Perlambatan jaringan internet di Papua, khususnya di Jayapura dan sekitarnya dilakukan pasca aksi unjuk rasa ribuan warga yang memprotes tindakan kekerasan dan rasis atas mahasiswa Papua di Surabaya dan Malang, Jawa Timur.

Dimana, selama hampir sepekan ini warga hanya dapat mengakses data internet apabila memiliki fasilitas jaringan Wifi di kantor atau fasilitas publik lainnya. Namun, selama dua hari belakangan ini sejak Minggu (25/8) sore hingga Senin (26/8) kemarin, warga tidak dapat mengakses internet dengan menggunakan fasilitas jaringan Wifi.

Ketua LSM Papua Bangkit, Ir. Hengky Jokhu mengatakan, perlambatan jaringan internet oleh pemerintah dalam hal ini Kementerian Komunikasi dan Informasi (Kominfo) di Papua itu merupakan salah satu bentuk nyata diskriminasi dan rasisme yang dilakukan oleh pemerintah.

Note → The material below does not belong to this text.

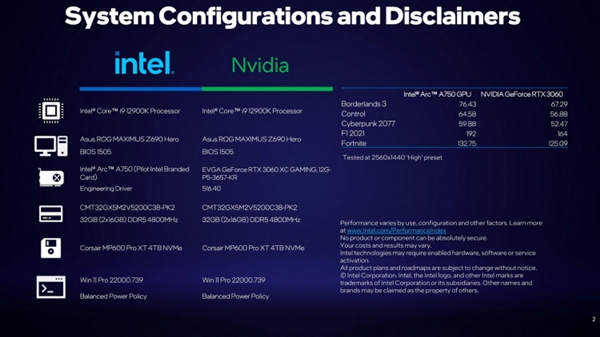 在Arc A380独显之后,Intel的游戏卡还会在夏季再来一波,这次终于有高端显卡了,这几天预热了A750显卡,Intel官方更是直接公布了A750显卡的性能,2K分辨率性能比RTX 3060显卡高出17%之多。 Intel显卡部门营销负责人Ryan Shrout公布了A750显卡的性能测试,对比的是NVIDIA的RTX 3060,跑了F1 2021、赛博朋克 2077、Control、Borderlands 和 Fortnite这五款游戏,分辨率是2560x1440,高画质。 在这几款游戏中,A750领先最少的也有6%,最多的是在F1 2021游戏中,优势高达17%。 具体的帧数上,赛博朋克 2077这样的游戏可以跑到60帧,其他游戏也在60帧以上,最高的F1 2022可以跑到192帧。 当然,5款游戏总体来说还是有点少,不过Intel现在展示的A750性能可以证明它确实可以超越RTX 3060,但是考虑到之前A380显卡的真实表现,A750最终能够超过RTX 3060就先打个问号。 Intel也没有公布A750显卡的具体规格,不过之前的爆料显示,它拥有24个Xe内核,搭配192-bit 12GB GDDR6显存,在往上还有Arc A770,拥有满血的32个Xe内核、256-bit 16GB GDDR6显存,性能预计类似RTX 3070。 |
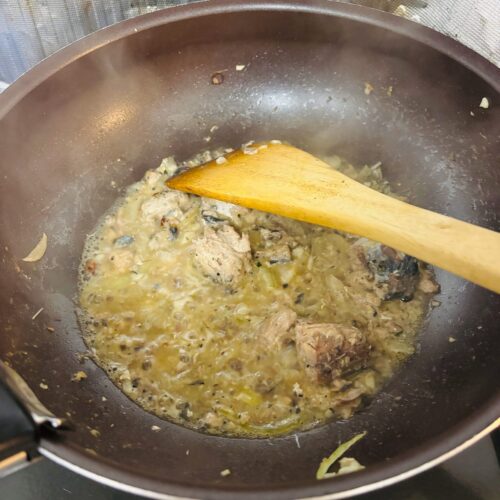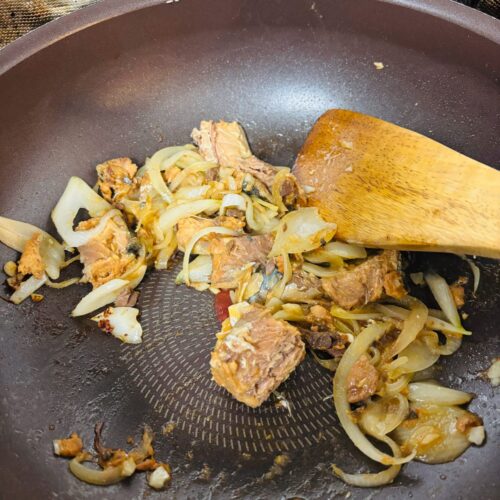 ニンニクと玉ねぎをオリーブオイルで炒めて、サバ缶、パスタの茹で汁を入れて煮詰めます。

“Dari LSM Papua Bangkit, saya melihat atau menilai pemblokiran atau perlambatan, kata tepatnya itu mungkin perlambatan jaringan internet oleh pemerintah dalam hal ini Kementerian Kominfo itu sebenarnya tujuannya mungkin baik dalam rangka mengeliminir dan memblokir peredaran atau penyebarluasan berita-berita yang bersifat hoax (Bohong). Tapi di lain sisi, justru perlambatan jaringan internet itu bentuk nyata dari diskriminasi dan rasisme,” ucap Hengky Jokhu ketika memberikan keterangan pers, di Kota Sentani, Kabupaten Jayapura, baru-baru ini.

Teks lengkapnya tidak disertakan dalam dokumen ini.